═══ AVAILABLE DATA
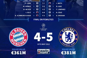 今夜谁将取胜?德转回顾12年欧冠决赛双方阵容,切尔西安联夺冠
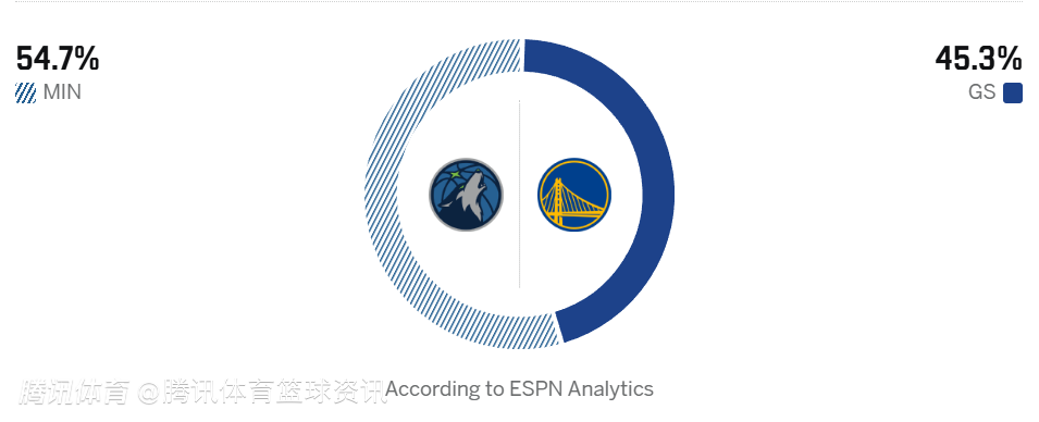 森林狼54.7%,勇士45.3%
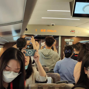 早上7点20分左右,距离G51出发不过25分钟,车窗外的景色早已从繁华的城市变成了广袤的田地,此时列车时速表也正式达到了350km/h。有人将盛着水的透明水杯放在窗边,水面几乎没有明显的波动。
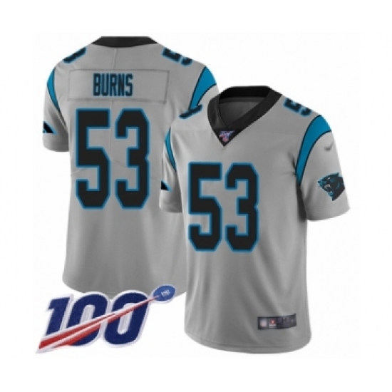 Men's Carolina Panthers #54 Shaq Thompson Silver Inverted Legend Limited 100th Season Football Jersey
══════
EXERCISE DETAILS = Nothing but the pictures should be left out when the listing above is transcribed.

RESPONSE =
 今夜谁将取胜?德转回顾12年欧冠决赛双方阵容,切尔西安联夺冠
 森林狼54.7%,勇士45.3%
 早上7点20分左右,距离G51出发不过25分钟,车窗外的景色早已从繁华的城市变成了广袤的田地,此时列车时速表也正式达到了350km/h。有人将盛着水的透明水杯放在窗边,水面几乎没有明显的波动。
 Men's Carolina Panthers #54 Shaq Thompson Silver Inverted Legend Limited 100th Season Football Jersey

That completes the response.